使用DeepFMEstimator,GPU物理机 , 速度不增反降(每轮40分钟),训练数据大概35G

Open whk6688 opened this issue 4 years ago • 6 comments

train_df=pd.read_parquet("parquet_train_20201219_110000",engine='pyarrow') test_df=pd.read_parquet("parquet_test_20201220_110000",engine='pyarrow') df = pd.concat([train_df,test_df],axis=0)

train_size=len(train_df) test_size=len(test_df)

target = ['label'] dense_features = ["c1","c2","c3","c4","c5"] sparse_features = [x for x in df.columns if x not in dense_features+target]

for feat in sparse_features: lbe = LabelEncoder() df[feat] = lbe.fit_transform(df[feat]) mms = MinMaxScaler(feature_range=(0, 1))

df[sparse_features] = df[sparse_features].fillna('-1', ) df[dense_features] = mms.fit_transform(df[dense_features])

dnn_feature_columns = [] linear_feature_columns = []

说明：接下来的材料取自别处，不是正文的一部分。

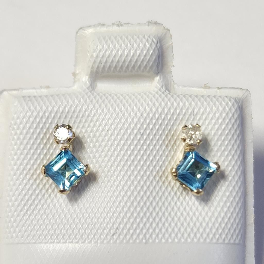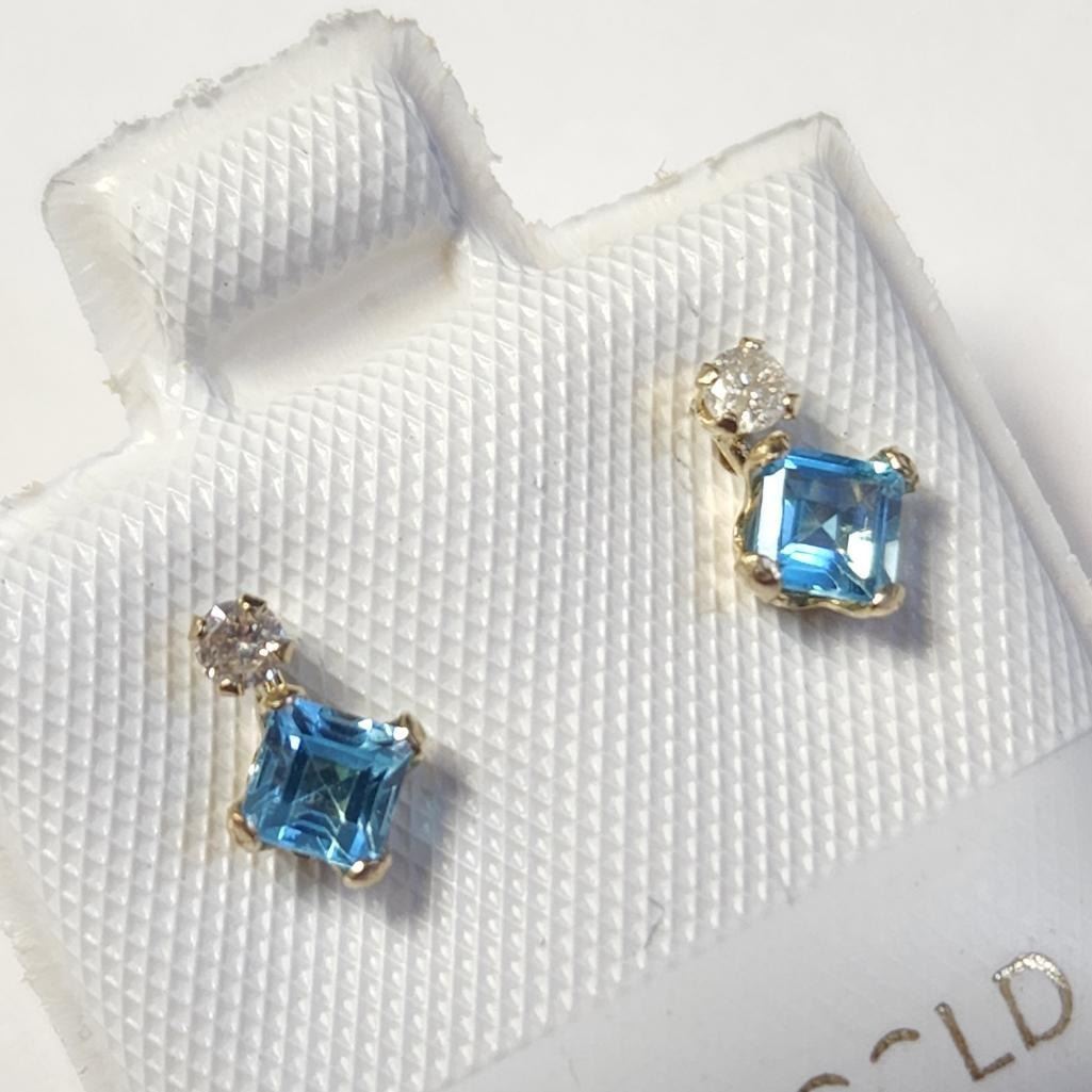 10K Yellow Gold Blue Topaz(0.44ct) Diamond(0.06ct) Earrings (~Size )(Ring is resizable for $40) (~length inches), Made in Canada, Suggested Retail Value $500

for i, feat in enumerate(sparse_features): dnn_feature_columns.append(tf.feature_column.embedding_column( tf.feature_column.categorical_column_with_identity(feat, df[feat].nunique()), 4)) linear_feature_columns.append(tf.feature_column.categorical_column_with_identity(feat, df[feat].nunique())) for feat in dense_features: dnn_feature_columns.append(tf.feature_column.numeric_column(feat)) linear_feature_columns.append(tf.feature_column.numeric_column(feat))

train = df[0:train_size] test=df[train_size:]

train_model_input = input_fn_pandas(train, sparse_features + dense_features, 'label', shuffle=True) test_model_input = input_fn_pandas(test, sparse_features + dense_features, None, shuffle=False)

model = DeepFMEstimator(linear_feature_columns, dnn_feature_columns, task='binary')

model.train(train_model_input) pred_ans_iter = model.predict(test_model_input) pred_ans = list(map(lambda x: x['pred'], pred_ans_iter)) print("test AUC", round(roc_auc_score(test[target].values, pred_ans), 4))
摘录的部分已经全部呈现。